Il y a des carrières qui semblent tout droit sorties d’un récit d’auto-satisfaction maladive. Thierry Breton, l’ancien commissaire européen chargé de « réguler » la tech, entre incontestablement dans cette catégorie. Voilà un homme qui, après avoir imposé à coups de directives et de normes une vision très personnelle d’internet, se retrouve tout simplement interdit de visa par les États-Unis. Un comble lorsque l’on se croit incarnation même de la défense des valeurs européennes.
Le départ de Breton à la Commission européenne avait été présenté comme celui d’un stratège visionnaire, prêt à « tenir tête » aux géants de la Silicon Valley et à imposer la loi du Vieux Continent. On sait aujourd’hui que cette prétendue « vision » ressemble surtout à une succession d’actes de provocation qui ont fini par susciter… de la consternation.
Washington, lassé des leçons de morale venues de Bruxelles, a donc décidé de réagir en interdisant l’accès du territoire à ce champion auto-proclamé de la régulation. Une décision qu’on aurait pu qualifier de diplomatiquement sévère si elle n’était pas, en réalité, l’écho logique d’une politique européenne qui confond immixtion et leadership.
Que reproche-t-on exactement à M. Breton ? D’avoir voulu forcer des plateformes américaines à faire la police de l’expression sur internet, au point d’invoquer le terme de « censure » lorsqu’elles ne répondaient pas à ses desiderata technocratiques. Une posture qui frise le ridicule lorsqu’elle est assénée avec l’arrogance qui caractérise si bien certains mandarins de Bruxelles.
On aurait pu penser que la gravité d’un tel bannissement inciterait nos élites à la modestie. Il n’en est rien. Dès les premières réactions, on a vu Paris dénoncer « avec la plus grande fermeté » ce geste supposément inamical. Comme si être éconduit des États-Unis relevait d’une atteinte à la dignité nationale. Permettez-moi de douter : il s’agit plutôt d’un rappel que l’Europe ne peut pas imposer ses vues à l’ensemble du monde numérique sans susciter des ripostes.
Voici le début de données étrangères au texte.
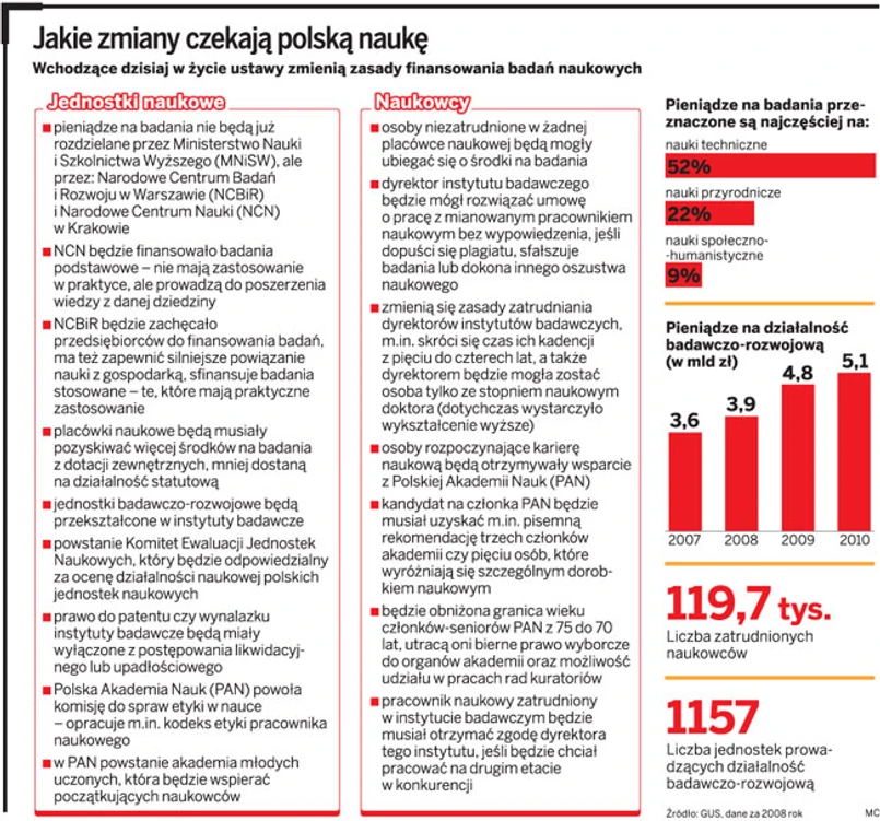 Polska jest jednym z ostatnich krajów, w których minister podejmuje decyzję w sprawie rozdziału środków finansowych na badania naukowe. Zgodnie z nowymi przepisami teraz zajmą się tym dwie instytucje: Narodowe Centrum Badań i Rozwoju (NCBiR) oraz nowo powstałe Narodowe Centrum Nauki (NCN).

Monsieur Breton, dont les ambitions semblent sans limites, a cru possible de faire de l’Union européenne une sorte de gendarme planétaire du web. Sauf que lorsqu’on administre des milliards d’utilisateurs, on se heurte vite à la réalité du terrain. Et cette réalité vient de dire « non » en fermant la porte à l’un de nos régulateurs les plus zélés.
Ce qui est particulièrement savoureux dans cette affaire, c’est que ce bannissement touche aussi des dirigeants d’ONG européennes œuvrant contre la désinformation. On croyait les défenseurs de la « vérité » au-dessus des querelles politiques. Visiblement, lorsqu’ils deviennent trop bruyants et trop moralisateurs, ils deviennent… encombrants aux yeux de Washington.
En fin de compte, cette histoire rappelle que la grande ambition de réguler l’univers numérique ne doit pas être confondue avec une idéologie de domination. S’arroger le rôle d’arbitre mondial sans dialogue véritable ni respect des sensibilités externes mène immanquablement à des déconvenues. Thierry Breton vient d’en faire l’expérience. Peut-être est-il temps de repenser la stratégie européenne dans son ensemble, plutôt que de multiplier les postures théoriques.
Après tout, il existe une différence — importante — entre vouloir protéger l’espace numérique européen et vouloir régler la planète entière à coups de directives et de sanctions symboliques. Une leçon que, visiblement, certains doivent encore apprendre.